Seismologists are making significant progress in using machine learning to enhance earthquake forecasts, with three new studies demonstrating the effectiveness of deep-learning models in comparison to conventional approaches.
These advancements are preliminary but offer hope for improving earthquake predictions in specific scenarios, such as assessing the risk of aftershocks following a significant earthquake.
Earthquake forecasts do not provide precise predictions of when, where, and with what magnitude an earthquake will occur, as such predictions have proven unreliable. Instead, seismologists focus on statistical analyses to understand broader trends, like predicting the likelihood of aftershocks in the days to weeks after a major earthquake.
Machine learning seems well-suited to improving earthquake forecasts, as it excels at analyzing vast datasets and recognizing patterns. Seismology benefits from extensive global earthquake data. However, extracting meaningful patterns from earthquake data has been challenging due to the rarity of large earthquakes.
In recent years, machine learning has aided in identifying previously unnoticed small earthquakes in seismic records, expanding earthquake catalogs and enabling further machine-learning analysis.
The three new studies employ neural-network-based approaches to improve earthquake forecasting compared to conventional models. One study focused on southern California earthquake data from 2008 to 2021, another on earthquakes in central Italy in 2016-17, and the third on Japanese earthquake data spanning 30 years. These models outperformed traditional methods in forecasting earthquake occurrences and magnitudes.
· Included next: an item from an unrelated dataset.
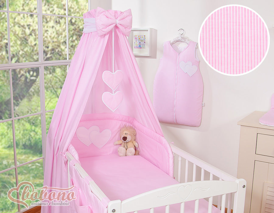 5-delige Beddengoedset met Hemel - Hanging Hearts Roze Strepen

While these models represent a promising step forward, they are not considered breakthroughs in their current form. However, they show potential for incorporating machine learning into daily earthquake forecasting. As earthquake datasets continue to grow, machine learning’s capacity to work with extensive data makes it a valuable tool for the field.
Seismologists anticipate that agencies like the US Geological Survey (USGS) will begin using machine-learning models alongside traditional ones, potentially transitioning to machine learning entirely if it proves superior. This could lead to improved forecasts in situations like aftershocks, which can disrupt lives for extended periods.
Despite these advancements, experts emphasize the importance of earthquake preparedness and building safety, as machine learning models are not a substitute for proper precautions.